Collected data
# # # #

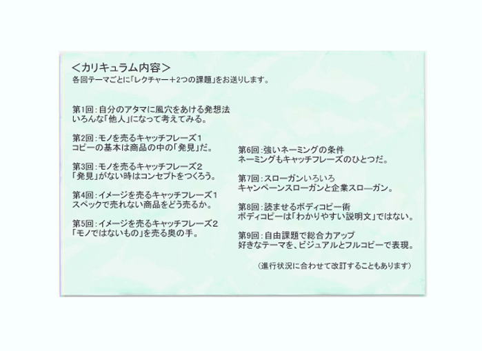 各回テーマごとに「レクチャー+2つの課題」をお送りします。
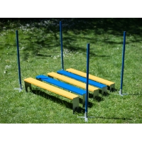 Beginne mit einem Sprungelement, damit dein Hund sich an das Hindernis gewöhnen kann.
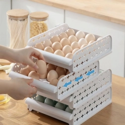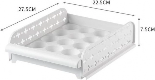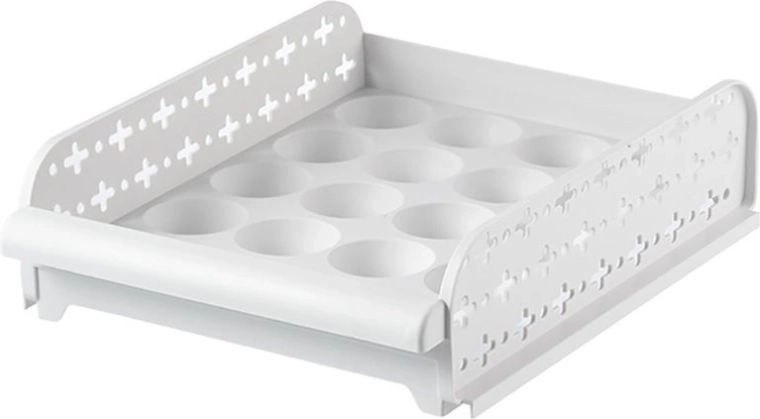 Praktisk beholder til opbevaring af æg med tilstrækkelig ventilation. Bakkerne kan stables og skubbes ind og ud som skuffer.
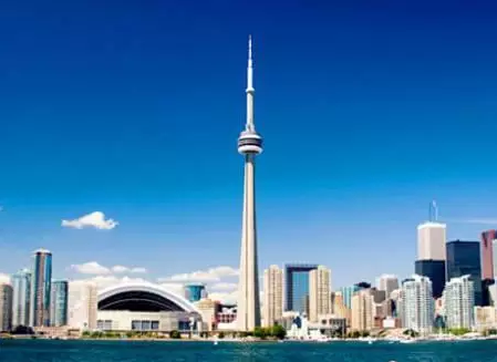 加拿大国家电视塔是多伦多的标志性建筑,也是世界第二高的通讯塔,塔内拥有将近一千七百多级的金属阶梯,塔高约等于于一百几十层楼的高度。
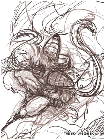 這一步我現在一般習慣在Sai里完成,起稿時可以先用一個淡的顏色把腦海里構思的圖大致勾出來,然后再用深一些的顏色進一步刻畫到自己滿意為止。(這步不用畫太細,自己能看懂就行了。)
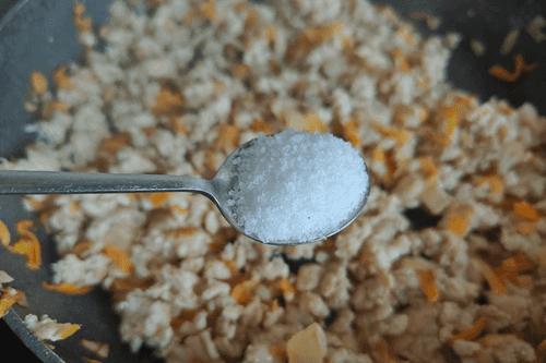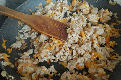 Add the chicken mince and constantly stir with a wooden spatula, breaking up lumps until smooth.
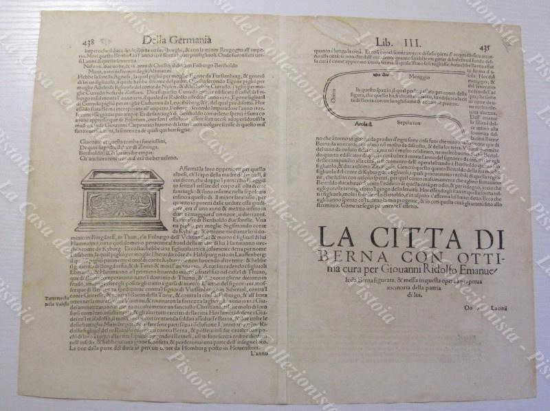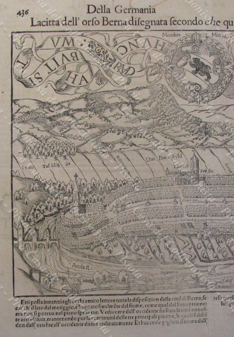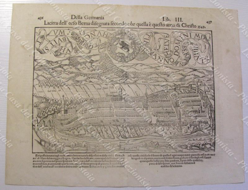 SVIZZERA, BERNA. “La città dell’Orso Berna disegnata secondo che quella è questo anno di Christo 1549”, Sebastian Munster, circa 1590. Xilografia di mm 300x210 (ai margini 395x305). Testo in italiano. Buona conservazione. (Rif.F0158-562/73)
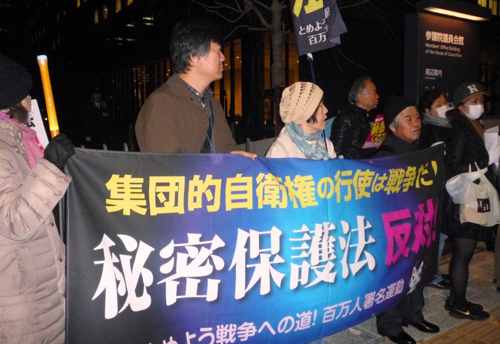安倍政権は12月6日深夜、多くの労働者・人民が反対する中で特定秘密保護法案を参議院で強行採決しました。自公両党が賛成、民主、共産、社民、生活、糸数議員、山本太郎議員が反対する中で採決を強行しました。

# # # #

▶ Required work
Your task is to reproduce the entries above word for word, from the first line through the line with "Buona conservazione. (Rif.F0158-562/73)", and please leave out any pictures.

▶ Response
 各回テーマごとに「レクチャー+2つの課題」をお送りします。
 Beginne mit einem Sprungelement, damit dein Hund sich an das Hindernis gewöhnen kann.
 Praktisk beholder til opbevaring af æg med tilstrækkelig ventilation. Bakkerne kan stables og skubbes ind og ud som skuffer.
 加拿大国家电视塔是多伦多的标志性建筑,也是世界第二高的通讯塔,塔内拥有将近一千七百多级的金属阶梯,塔高约等于于一百几十层楼的高度。
 這一步我現在一般習慣在Sai里完成,起稿時可以先用一個淡的顏色把腦海里構思的圖大致勾出來,然后再用深一些的顏色進一步刻畫到自己滿意為止。(這步不用畫太細,自己能看懂就行了。)
 Add the chicken mince and constantly stir with a wooden spatula, breaking up lumps until smooth.
 SVIZZERA, BERNA. “La città dell’Orso Berna disegnata secondo che quella è questo anno di Christo 1549”, Sebastian Munster, circa 1590. Xilografia di mm 300x210 (ai margini 395x305). Testo in italiano. Buona conservazione. (Rif.F0158-562/73)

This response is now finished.